Company type | Private |
---|---|
Industry | Computer software |
Founded | 2013[1] |
Founders |
|
Headquarters | , United States |
Key people |
|
Revenue | $1.6 billion (2023) [2] |
Number of employees | c. 8,000 (2025) [3] |
Website | databricks |
Databricks, Inc. is a global data, analytics, and artificial intelligence (AI) company, founded in 2013 by the original creators of Apache Spark. [1] [4] The company provides a cloud-based platform to help enterprises build, scale, and govern data and AI, including generative AI and other machine learning models. [5]

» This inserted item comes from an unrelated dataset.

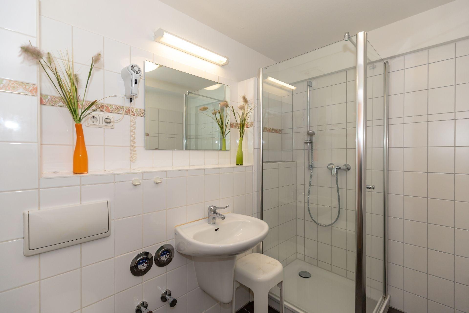 In der Wohnung befindet sich ein großes und geschmackvoll gefliestes Badezimmer mit einer ebenerdigen Dusche, einem WC, einem Handtuchheizkörper, einem Waschbecken und einem Föhn.

Databricks pioneered the data lakehouse, a data and AI platform that combines the capabilities of a data warehouse with a data lake, allowing organizations to manage and use both structured and unstructured data for traditional business analytics and AI workloads. [6] The company similarly develops Delta Lake, an open-source project to bring reliability to data lakes for machine learning and other data science use cases. [7]
Databricks grew out of the AMPLab project at University of California, Berkeley that was involved in making Apache Spark, an open-source distributed computing framework built atop Scala. The company was founded by Ali Ghodsi, Andy Konwinski, Arsalan Tavakoli-Shiraji, Ion Stoica, Matei Zaharia, [8] Patrick Wendell, and Reynold Xin.[ citation needed ]
In November 2017, the company was announced as a first-party service on Microsoft Azure via integration Azure Databricks. [9]
In February 2021, together with Google Cloud, Databricks provided integration with the Google Kubernetes Engine and Google's BigQuery platform. [10] At this point in time, the company said more than 5,000 organizations used its products. [11]
Fortune ranked Databricks as one of the "Best Large Workplaces for Millennials" in 2021. [12]
In November 2023, Databricks unveiled the Databricks Data Intelligence Platform, a new offering that combines the unification benefits of the lakehouse with MosaicML’s Generative AI technology to enable customers to better understand and use their own proprietary data. [13]
The firm was valued at $62 billion in December 2024. [14]
In June 2020, Databricks bought Redash, an open-source tool for data visualization and building of interactive dashboards. [15] In 2021, it bought German no-code company 8080 Labs whose product, bamboolib, allowed data exploration without any coding. [16] In May 2023, Databricks bought data security group Okera, extending Databricks data governance capabilities. [17] In June, it bought the open-source generative AI startup MosaicML for $1.4 billion. [18] [19] In October, Databricks bought data replication startup Arcion for $100 million. [20] In what is believed to be its sixth acquisition, Databricks bought Tabular, a data-management system used by open source AI, for over $1 billion. [21]
In March 2023, in response to the popularity of OpenAI's ChatGPT, the company introduced an open-source language model, named Dolly after Dolly the sheep, that allowed developers to create chatbots. Dolly uses fewer parameters to produce similar results as ChatGPT, but Databricks had not released formal benchmark tests to show whether its bot actually matched the performance of ChatGPT. [22] [23] [24]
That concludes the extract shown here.